Segment Open

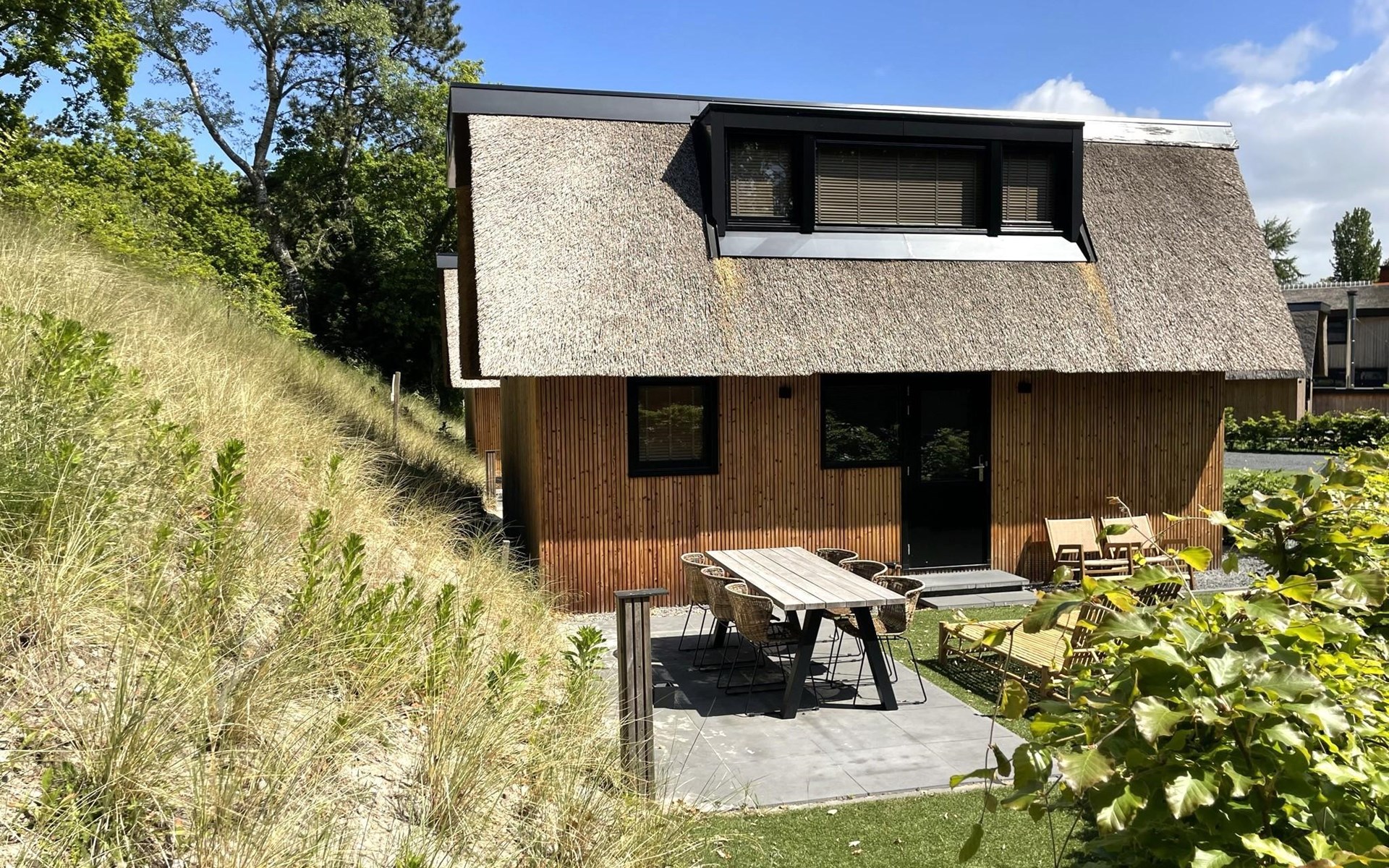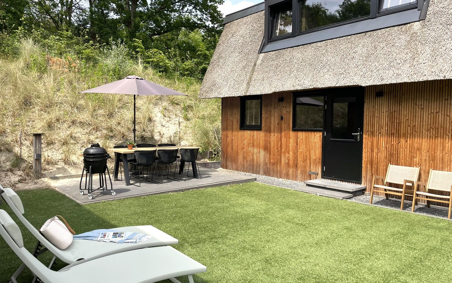 Het was een mooi huisje van alle gemakken voorzien. We hadden allemaal een fijn plekje. En het ligt heel mooi zo aan de duinrand.
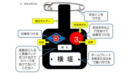 つきましては、名札の付け方について説明プリントを準備しましたのでご覧ください。ご不明な点がありましたら、学校までお問合せください。
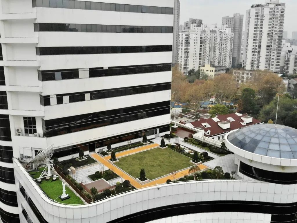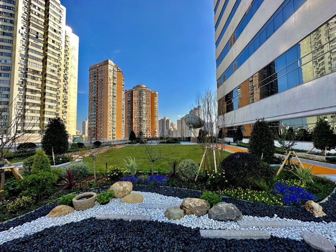 ▲上海教育电视台的屋顶绿化,精心布设了花境、草坪、步道等元素,构建出高低错落、色彩丰富、四季有景的景观效果。
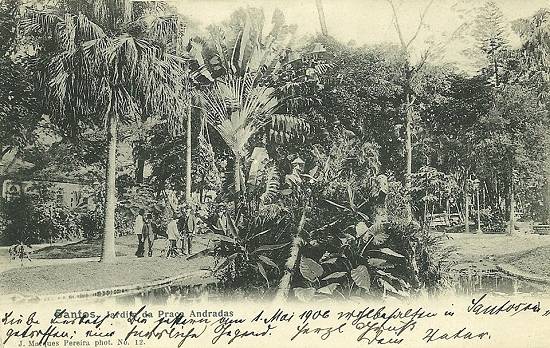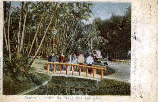 | Os jardins da Praça dos Andradas, em raro cartão-postal de 1898, postado no dia 8 de fevereiro de 1900 e endereçado a uma cidade do
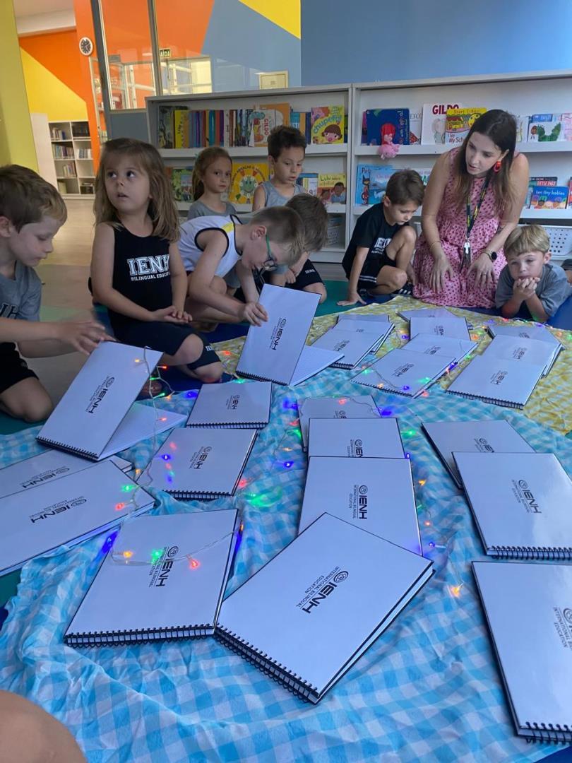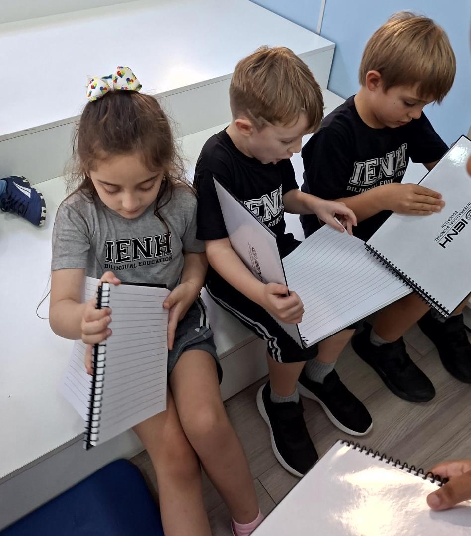As turmas do Year 1 do Ensino Fundamental do Currículo Internacional Bilíngue da IENH – Unidade Pindorama participaram de uma atividade especial durante a aula de Língua Inglesa, que uniu jogos, colaboração e uma divertida caça ao tesouro. A proposta teve como objetivo ampliar o repertório linguístico dos estudantes, promover uma tarefa colaborativa e apresentar, de forma lúdica, um material importante para a rotina do Ensino Fundamental: os primeiros cadernos.
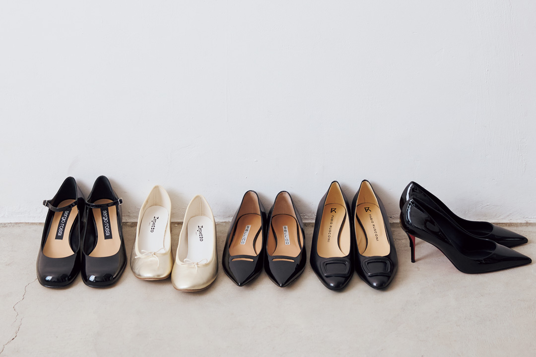 1_1951 年にイタリアでスタートした《セルジオ ロッシ》のパテントレザーのメリージェーン。なめらかな曲線を描く「スカルプテッドヒール」は見た目が美しいうえ、チャンキーヒールのように安定感があって歩きやすい。[H4.5cm] ¥97900/Sergio Rossi(セルジオ ロッシ カスタマーサービス) 2_《レペット》のアイコン「バレリーナ」に、高さ3cm のミドルヒールが加わったのがこちらの「カミーユ」と呼ばれるモデル。メタリックカラーは装いの小粋なアクセントに。[H3cm] ¥63800 / Repetto(ルックブティック事業部) 3_《ペリーコ》は、エレガントなデザインと鮮やかな色使いが魅力。アイコンシリーズの「アネッリ」は、ポインテッドトゥが凛とした強い女性像を演出してくれる。[H1cm] ¥69300 / PELLICO(アマン) 4_レザーのスクエアバックルが印象的なパンプス。イタリア・フィレンツェ 在住のシューズデザイナー、ファビオ・ルスコーニが自身の名を冠して1998 年にスタートしたシューズブランドからピックアップ。[H4cm]¥37400 / FABIO RUSCONI(伊勢丹新宿本店 本館2 階 婦人靴)5_《クリスチャン ルブタン》特有の「レッド・ソール」が足元にレディの品格を添える。メゾンの新定番として注目を集める「ミス Z」は、ヒールの高さを4 種類から好きに選べる。[H8cm] ¥134200 / ChristianLouboutin(クリスチャン ルブタン ジャパン)
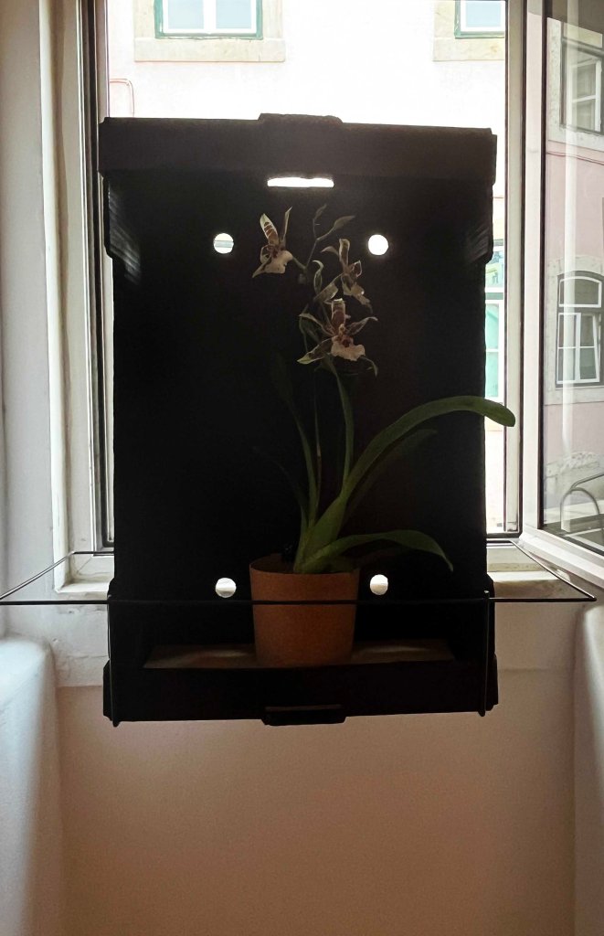 Mixed Media installation : Recycled Cardboard Box, iron, acrylic, orchid plant , cork
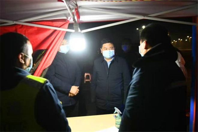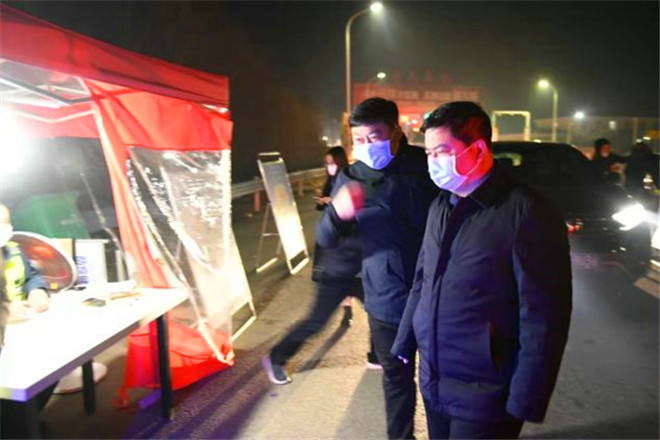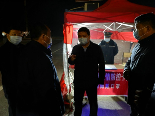 1月3日晚,鹿邑縣委書記李剛,縣委副書記、縣長郭俊濤帶領(lǐng)縣委辦、衛(wèi)健委、公安局、督查局、交通局等部門負責同志先后到鹽洛高速鹿邑西站、老子故里站疫情防控卡點,實地檢查指導疫情防控工作??h委常委、統(tǒng)戰(zhàn)部部長史凱歌,副縣長翟杰,縣政府領(lǐng)導成員谷長征一同檢查。③2
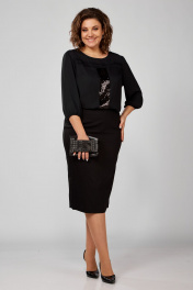 Комплект женский, двухпредметный, состоящий из блузы и юбки. Блуза свободного силуэта из шифона украшена пайетками. Длина изделия - 63 см. Длина рукава - 39 см. Юбка женская из смесовой ткани. Юбка, зауженная к низу, длиной ниже уровня коленей. Застежка по среднему шву на потайную молнию. Переднее полотнище с двумя вытачками от талии с каждой стороны. По бокам настрочена декоративная тесьма. Заднее полотнище с талиевыми вытачками и средним швом, в котором обработана шлица. По поясу отрезная кокетка с резинками. Юбка на отлетной подкладке.

Segment Closed

» **YOUR ASSIGNMENT**: Return the full material word for word. Do not include the pictures.

» **ANSWER BOX**:
 Het was een mooi huisje van alle gemakken voorzien. We hadden allemaal een fijn plekje. En het ligt heel mooi zo aan de duinrand.
 つきましては、名札の付け方について説明プリントを準備しましたのでご覧ください。ご不明な点がありましたら、学校までお問合せください。
 ▲上海教育电视台的屋顶绿化,精心布设了花境、草坪、步道等元素,构建出高低错落、色彩丰富、四季有景的景观效果。
 | Os jardins da Praça dos Andradas, em raro cartão-postal de 1898, postado no dia 8 de fevereiro de 1900 e endereçado a uma cidade do
As turmas do Year 1 do Ensino Fundamental do Currículo Internacional Bilíngue da IENH – Unidade Pindorama participaram de uma atividade especial durante a aula de Língua Inglesa, que uniu jogos, colaboração e uma divertida caça ao tesouro. A proposta teve como objetivo ampliar o repertório linguístico dos estudantes, promover uma tarefa colaborativa e apresentar, de forma lúdica, um material importante para a rotina do Ensino Fundamental: os primeiros cadernos.
 1_1951 年にイタリアでスタートした《セルジオ ロッシ》のパテントレザーのメリージェーン。なめらかな曲線を描く「スカルプテッドヒール」は見た目が美しいうえ、チャンキーヒールのように安定感があって歩きやすい。[H4.5cm] ¥97900/Sergio Rossi(セルジオ ロッシ カスタマーサービス) 2_《レペット》のアイコン「バレリーナ」に、高さ3cm のミドルヒールが加わったのがこちらの「カミーユ」と呼ばれるモデル。メタリックカラーは装いの小粋なアクセントに。[H3cm] ¥63800 / Repetto(ルックブティック事業部) 3_《ペリーコ》は、エレガントなデザインと鮮やかな色使いが魅力。アイコンシリーズの「アネッリ」は、ポインテッドトゥが凛とした強い女性像を演出してくれる。[H1cm] ¥69300 / PELLICO(アマン) 4_レザーのスクエアバックルが印象的なパンプス。イタリア・フィレンツェ 在住のシューズデザイナー、ファビオ・ルスコーニが自身の名を冠して1998 年にスタートしたシューズブランドからピックアップ。[H4cm]¥37400 / FABIO RUSCONI(伊勢丹新宿本店 本館2 階 婦人靴)5_《クリスチャン ルブタン》特有の「レッド・ソール」が足元にレディの品格を添える。メゾンの新定番として注目を集める「ミス Z」は、ヒールの高さを4 種類から好きに選べる。[H8cm] ¥134200 / ChristianLouboutin(クリスチャン ルブタン ジャパン)
 Mixed Media installation : Recycled Cardboard Box, iron, acrylic, orchid plant , cork
 1月3日晚,鹿邑縣委書記李剛,縣委副書記、縣長郭俊濤帶領(lǐng)縣委辦、衛(wèi)健委、公安局、督查局、交通局等部門負責同志先后到鹽洛高速鹿邑西站、老子故里站疫情防控卡點,實地檢查指導疫情防控工作??h委常委、統(tǒng)戰(zhàn)部部長史凱歌,副縣長翟杰,縣政府領(lǐng)導成員谷長征一同檢查。③2
 Комплект женский, двухпредметный, состоящий из блузы и юбки. Блуза свободного силуэта из шифона украшена пайетками. Длина изделия - 63 см. Длина рукава - 39 см. Юбка женская из смесовой ткани. Юбка, зауженная к низу, длиной ниже уровня коленей. Застежка по среднему шву на потайную молнию. Переднее полотнище с двумя вытачками от талии с каждой стороны. По бокам настрочена декоративная тесьма. Заднее полотнище с талиевыми вытачками и средним швом, в котором обработана шлица. По поясу отрезная кокетка с резинками. Юбка на отлетной подкладке.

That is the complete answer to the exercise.